(Collection entries)
'''

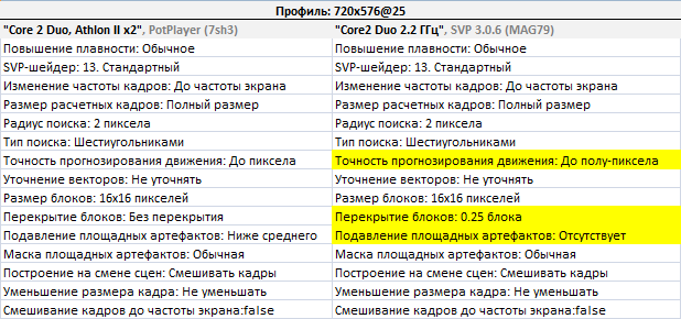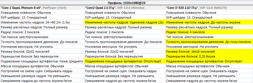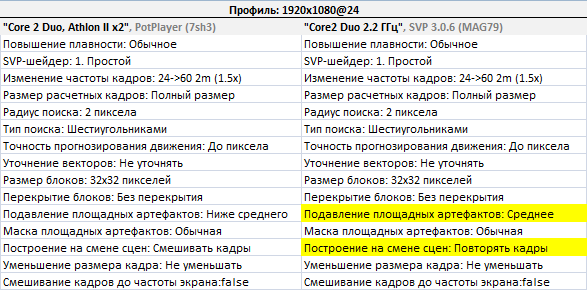 Вот сравнение профилей SVP, установленного с PotPlayer'ом с оригинальными профилями SVP 3.0.6.
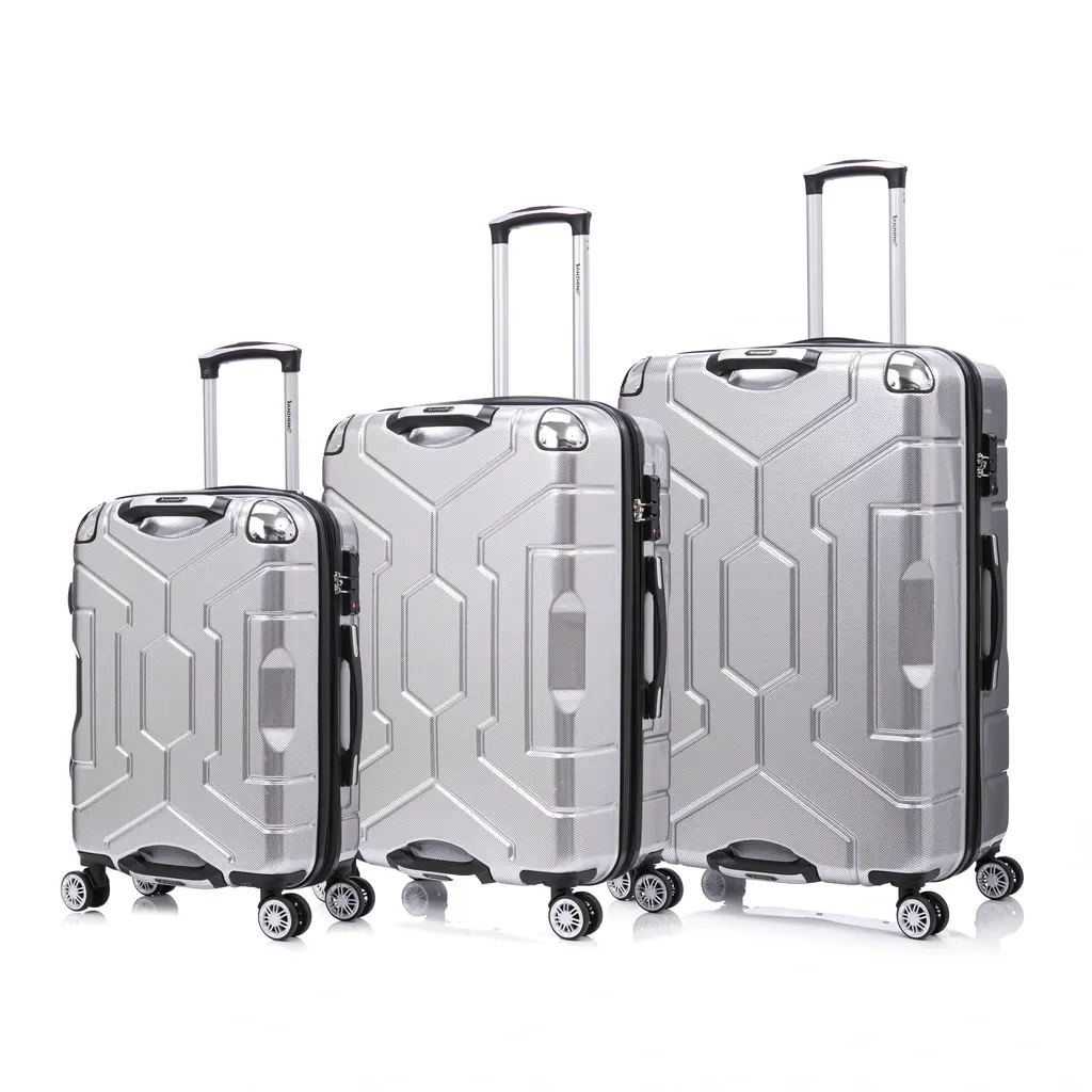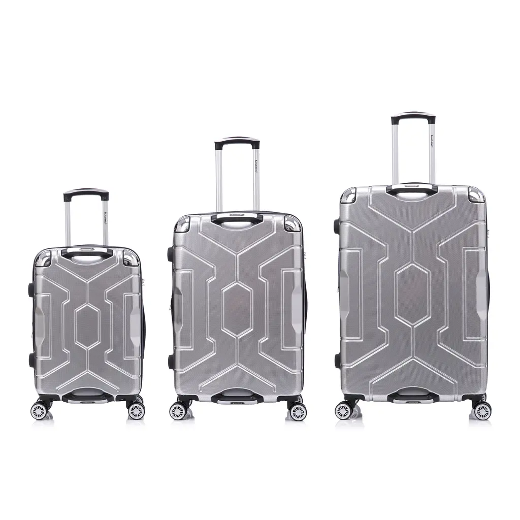 3 Piece Technology Pc Hardshell Lightweight Durable Suitcase With Rotating Wheels And Adjustable Ergonomic Telescopic Handle - Grey
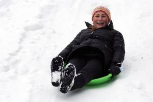 Jody Gasperetti races down a hill at Edmonds City Park  Saturday afternoon on February 13, 2021.  (Kevin Clark / The Herald)
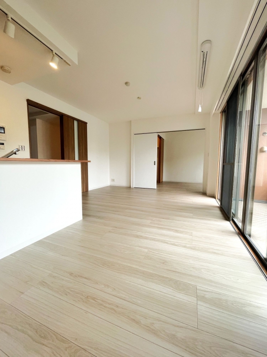 マンション3LDKの内装リフォーム事例です。フローリングを白系統に張替え、隣接する洋室との扉を引戸に変更し、開け放てば空間が広がるように。明るくスッキリとしたリビング空間になりました。
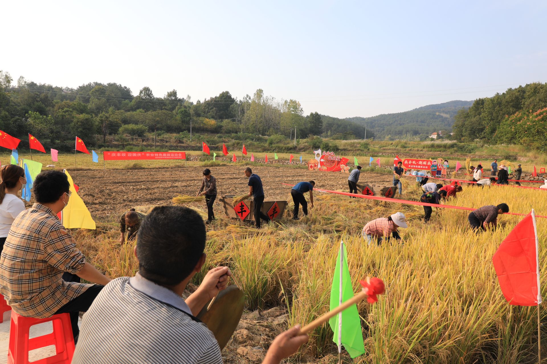 活动现场,红旗飘扬,稻谷飘香,一派喜悦景象。农民朋友们分为四组,开展稻谷收割大比拼。随着裁判的一声号令,大家分工配合,迅速挥动镰刀,割下一捆捆稻谷,用力在板仓边缘进行拍打脱粒,随后立即将脱完粒的稻草捆扎成堆。参赛选手你追我赶,围观群众加油鼓劲,现场一片欢声笑语,气氛活跃热烈。
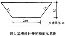 解析 1.依题意绘简图: (1)自沉箱顸向下0.5m范围内为浪溅区(+2.5~+2.0)。 (2)(沉箱顶向下0.5m)至(从沉箱顶向下3m)范围为水位变动区(+2.0~-0.5)为提高沉箱顶部3m混凝土耐久性的首选措施是应用高性能混凝土。 2.依题意绘简图: 计算断面底宽:[(1/3)-0.3]*3*2+28=28.2(m) 计算断面顶宽:28.2+(7+0.3)*3*2=72(m) 码头基槽挖泥的计算断面面积是: [28.2+72]*(7+0.3)/2=365.73(m2) 3.(1)抛石基床整平范围为沉箱底面宽度15m。此项是施工存在的问题之一,基床整平范围应为沉箱底面每边各加宽0.5m。整平范围与沉箱底面宽度15m相同,沉箱安放后,基床边缘受压塌陷沉箱边部悬空,受力不均,不稳定、不安全。 (2)在填砂压载前出现前倾,施工单位采取在沉箱后排仓格内先抛填一半高度砂的措施,进行偏心压载,以调整沉箱就位的做法是错误的。应将沉箱抽水浮起,调整基床重新安装。 4.浮运拖带沉箱前应对沉箱进行吃水、压栽、浮游稳定性验算。 拖运沉箱时,在正常航速条件下,牵引作用点的最佳位置在定倾中心以下10cm左右处最为稳定。 5.2000000/(410*24*0.65)=313(d) 6.在缺陷责任期内,所发生的两起事件中: (1)码头前沿停靠渔船,将橡胶护舷撞坏,是交工后使用单位管理失误所造成,可由使用单位自行修复;也可委托缺陷责任期责任单位修复,但由委托方承担费用。 (2)码头后轨道梁两侧的连锁块局部出现下沉,应是码头后轨道梁两侧的连锁块下部地基处理不好,应由连锁块施工单位进行修复并承担相应的费用。
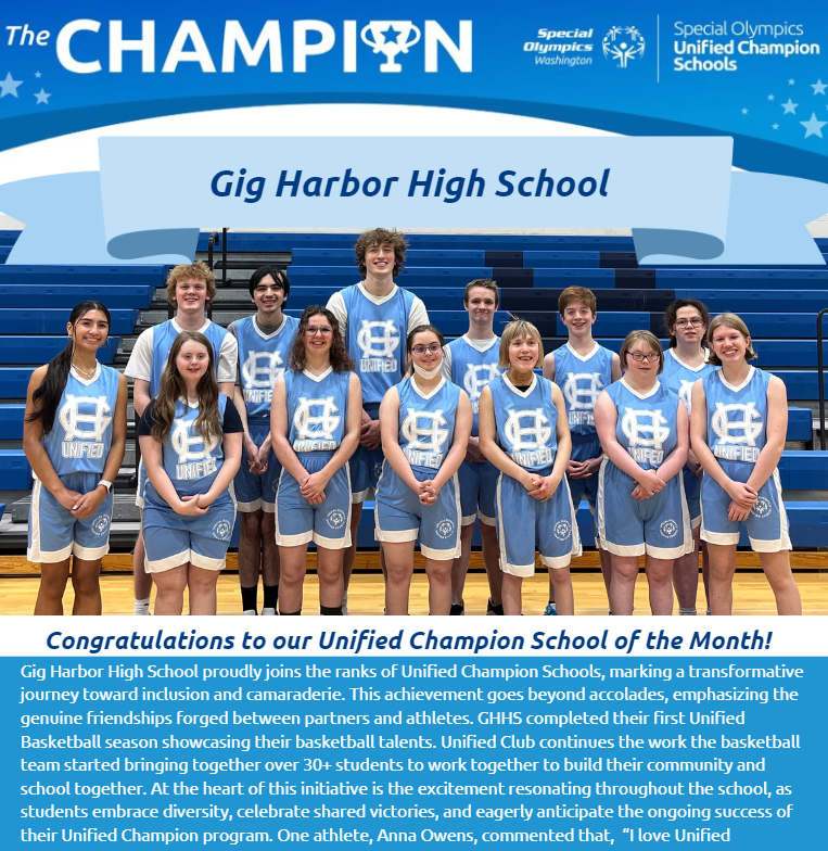 Congratulations to Gig Harbor High School for being named the Unified Champion School of the Month for March! GHHS students celebrated their first Unified Basketball season with more than 30 students coming together to play and build community, and many more partners showing up to support students on and off the court. Because of the popularity of basketball, GHHS will add Unified Soccer at their school next year.

'''

**Exercise objective:**
Write out exactly the run of lines above that starts at the line containing "3 Piece Technology" and ends at the line containing "マンション3LDKの内装リフ". Include both, and leave the pictures out.

**Written response:**
 3 Piece Technology Pc Hardshell Lightweight Durable Suitcase With Rotating Wheels And Adjustable Ergonomic Telescopic Handle - Grey
 Jody Gasperetti races down a hill at Edmonds City Park  Saturday afternoon on February 13, 2021.  (Kevin Clark / The Herald)
 マンション3LDKの内装リフォーム事例です。フローリングを白系統に張替え、隣接する洋室との扉を引戸に変更し、開け放てば空間が広がるように。明るくスッキリとしたリビング空間になりました。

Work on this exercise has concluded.